YOUR INSTRUCTIONS ->
Go to the line below that has "We find that", print it and each line after it exactly, and stop after the line that has "HOMA DORN Homadorn"; leave out pictures.
(Beginning of MATERIAL SHOWN)
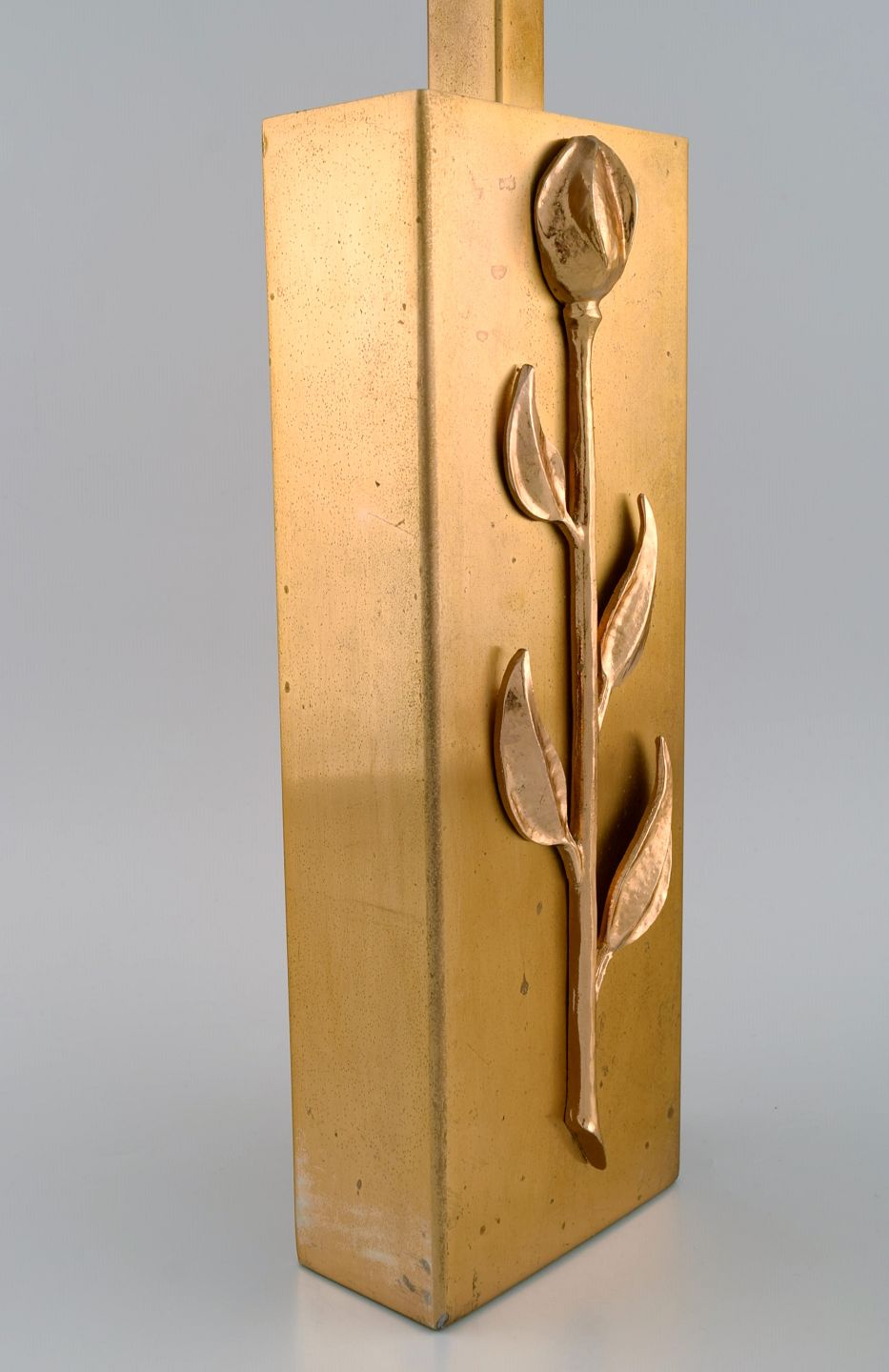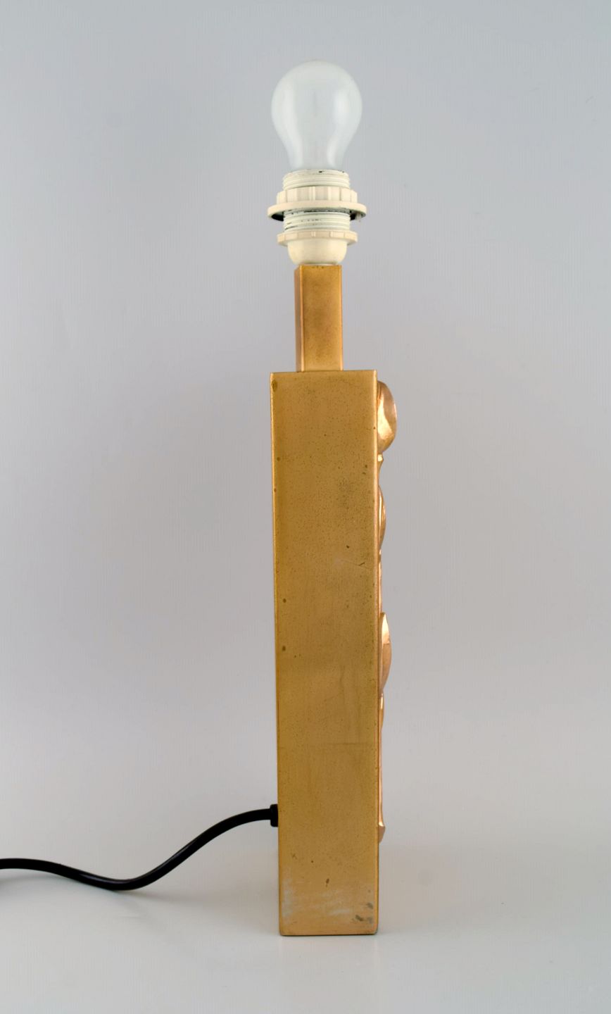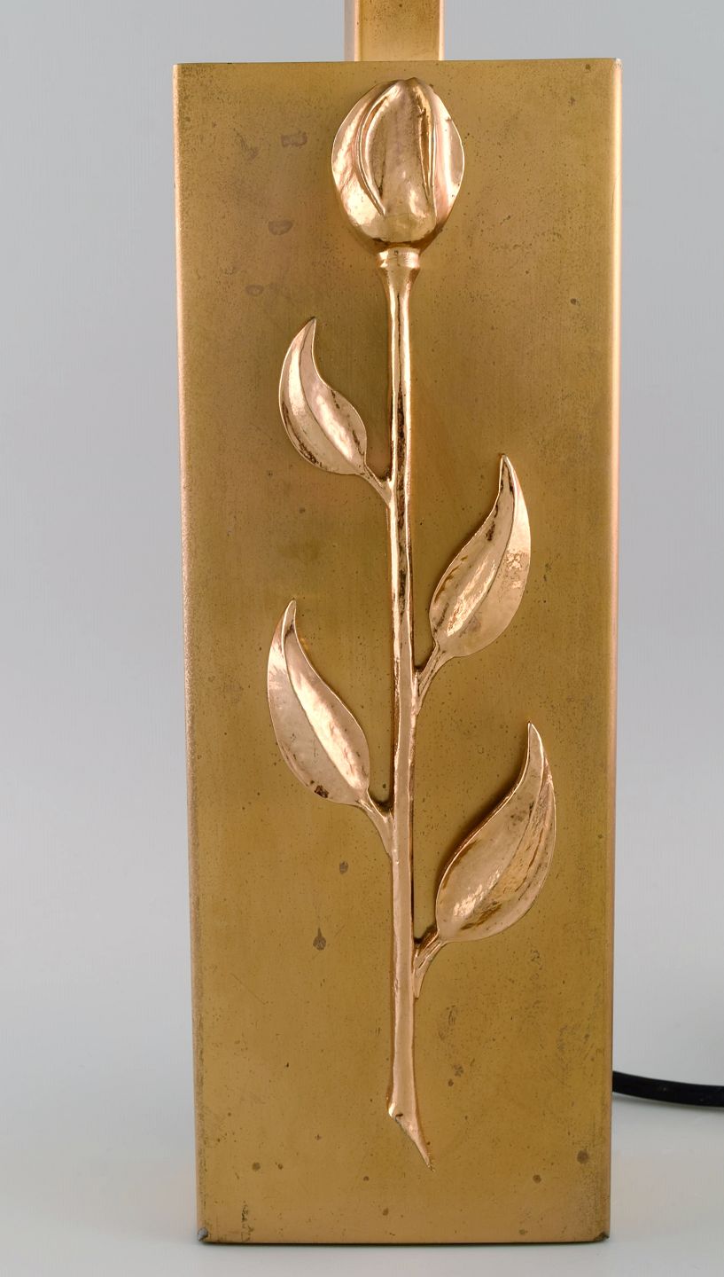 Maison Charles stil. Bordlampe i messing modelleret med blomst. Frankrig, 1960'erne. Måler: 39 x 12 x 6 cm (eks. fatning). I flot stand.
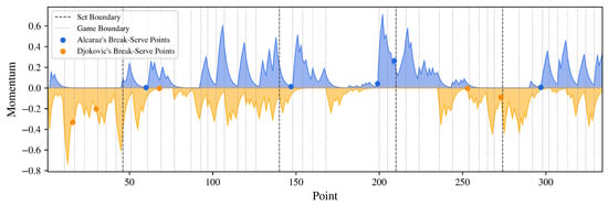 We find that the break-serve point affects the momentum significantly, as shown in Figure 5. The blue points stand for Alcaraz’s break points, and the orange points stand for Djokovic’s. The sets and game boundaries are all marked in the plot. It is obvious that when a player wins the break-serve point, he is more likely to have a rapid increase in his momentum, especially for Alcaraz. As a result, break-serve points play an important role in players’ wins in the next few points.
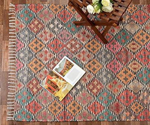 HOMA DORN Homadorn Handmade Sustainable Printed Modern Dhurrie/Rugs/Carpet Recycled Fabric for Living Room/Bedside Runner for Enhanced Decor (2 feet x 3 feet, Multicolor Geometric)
(End of MATERIAL SHOWN)
(Beginning of MATERIAL SHOWN)
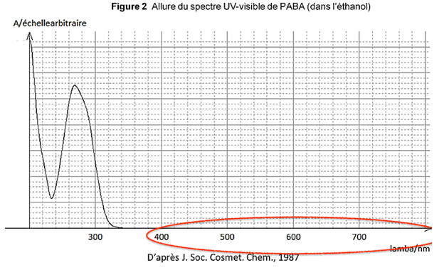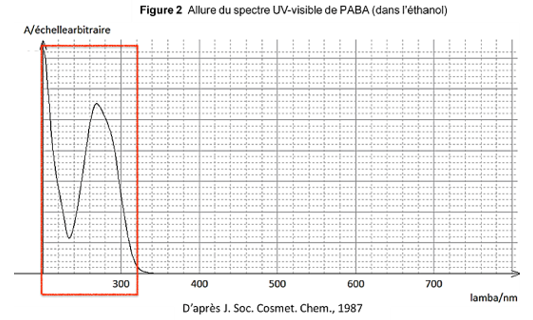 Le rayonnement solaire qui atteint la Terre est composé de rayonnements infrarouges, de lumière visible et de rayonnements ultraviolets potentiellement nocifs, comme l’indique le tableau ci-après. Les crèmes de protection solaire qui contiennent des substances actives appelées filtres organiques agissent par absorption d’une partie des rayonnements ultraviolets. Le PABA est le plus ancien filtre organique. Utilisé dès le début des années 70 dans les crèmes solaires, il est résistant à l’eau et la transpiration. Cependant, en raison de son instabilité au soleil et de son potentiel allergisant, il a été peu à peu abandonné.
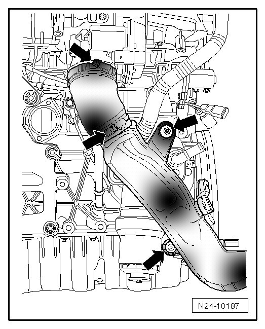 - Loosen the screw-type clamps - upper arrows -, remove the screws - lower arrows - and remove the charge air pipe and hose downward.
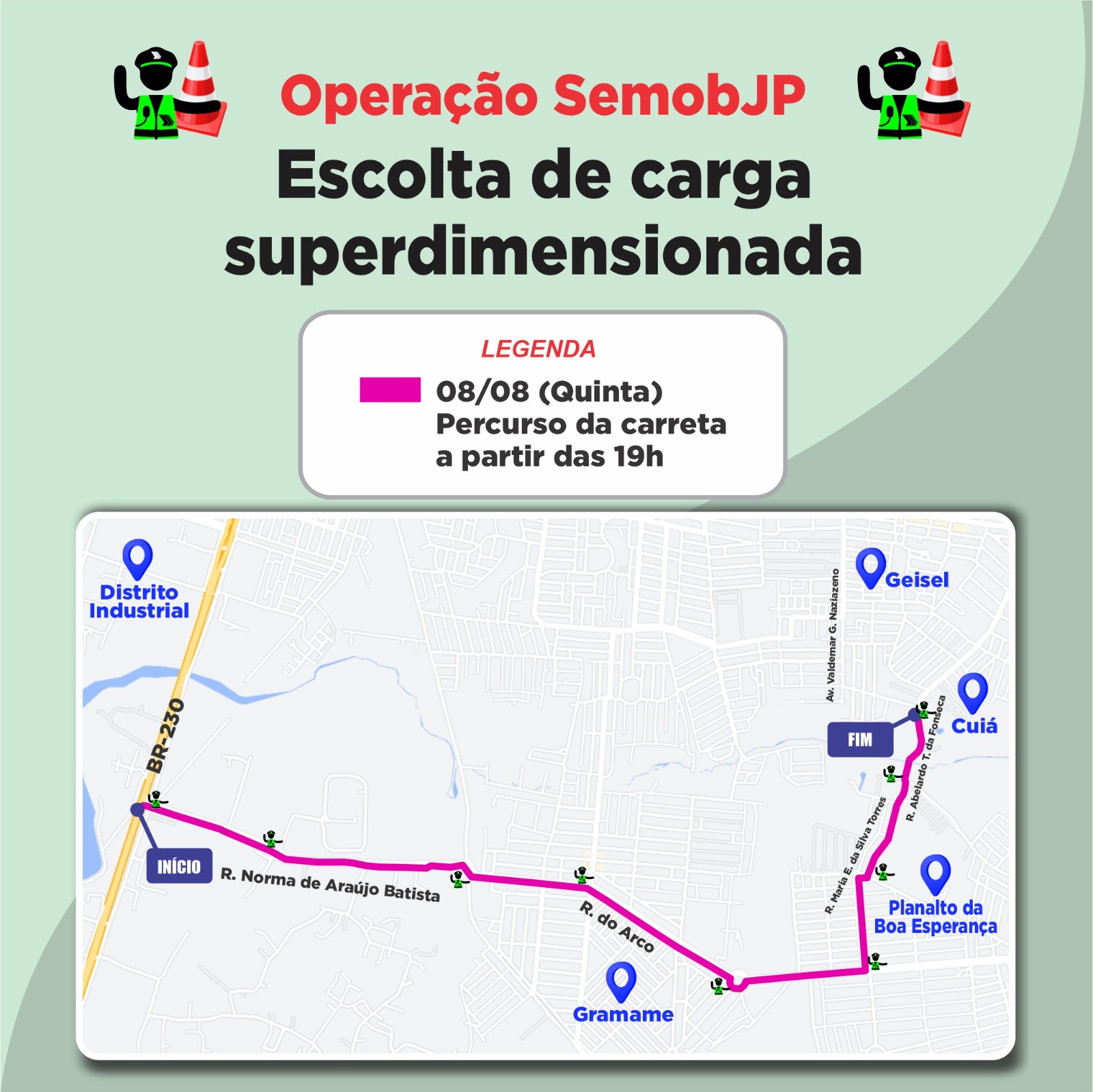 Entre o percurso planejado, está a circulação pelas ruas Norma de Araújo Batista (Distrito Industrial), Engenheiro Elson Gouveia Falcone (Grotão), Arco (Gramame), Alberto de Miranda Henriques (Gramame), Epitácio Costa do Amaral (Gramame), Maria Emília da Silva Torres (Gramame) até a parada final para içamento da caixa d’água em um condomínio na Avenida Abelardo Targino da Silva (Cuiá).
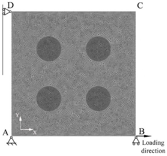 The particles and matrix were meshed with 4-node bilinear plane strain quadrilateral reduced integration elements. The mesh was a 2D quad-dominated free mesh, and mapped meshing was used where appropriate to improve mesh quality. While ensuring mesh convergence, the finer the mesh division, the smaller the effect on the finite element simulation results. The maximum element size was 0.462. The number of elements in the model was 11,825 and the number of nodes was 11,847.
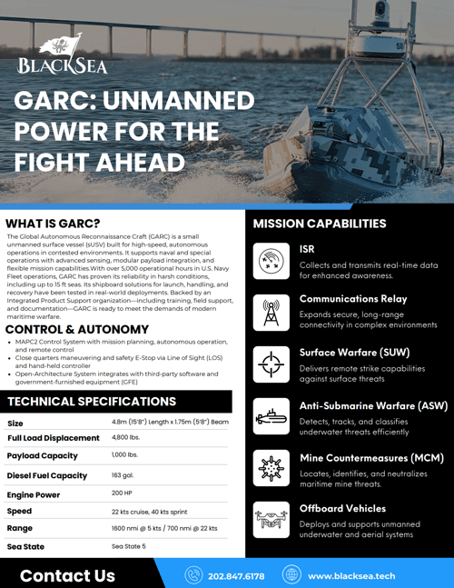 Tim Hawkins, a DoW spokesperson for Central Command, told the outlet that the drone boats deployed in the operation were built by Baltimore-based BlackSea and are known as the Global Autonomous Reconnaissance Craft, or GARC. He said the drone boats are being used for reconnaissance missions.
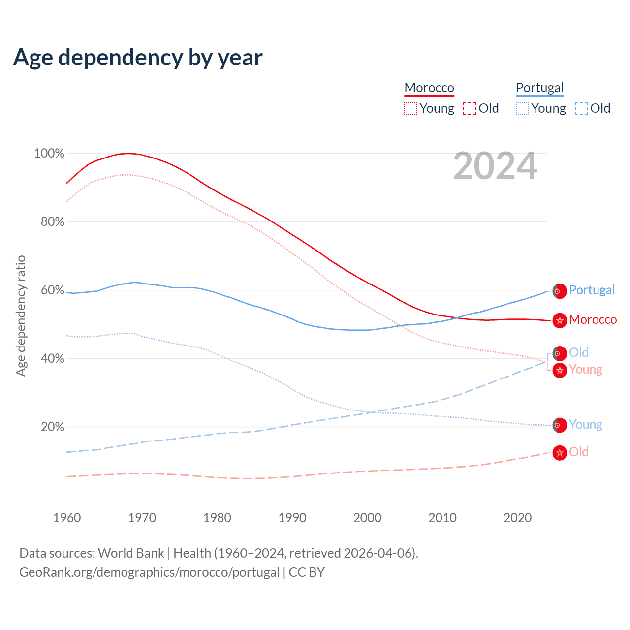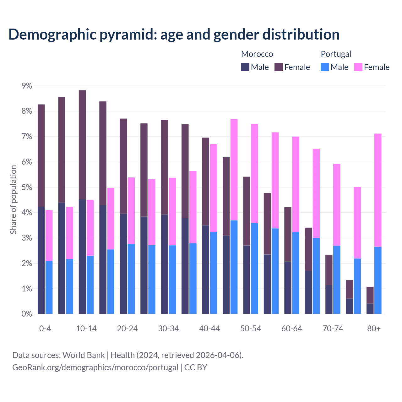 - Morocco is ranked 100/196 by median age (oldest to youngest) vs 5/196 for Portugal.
(End of MATERIAL SHOWN)
EXERCISE RESULT ->
 We find that the break-serve point affects the momentum significantly, as shown in Figure 5. The blue points stand for Alcaraz’s break points, and the orange points stand for Djokovic’s. The sets and game boundaries are all marked in the plot. It is obvious that when a player wins the break-serve point, he is more likely to have a rapid increase in his momentum, especially for Alcaraz. As a result, break-serve points play an important role in players’ wins in the next few points.
 HOMA DORN Homadorn Handmade Sustainable Printed Modern Dhurrie/Rugs/Carpet Recycled Fabric for Living Room/Bedside Runner for Enhanced Decor (2 feet x 3 feet, Multicolor Geometric)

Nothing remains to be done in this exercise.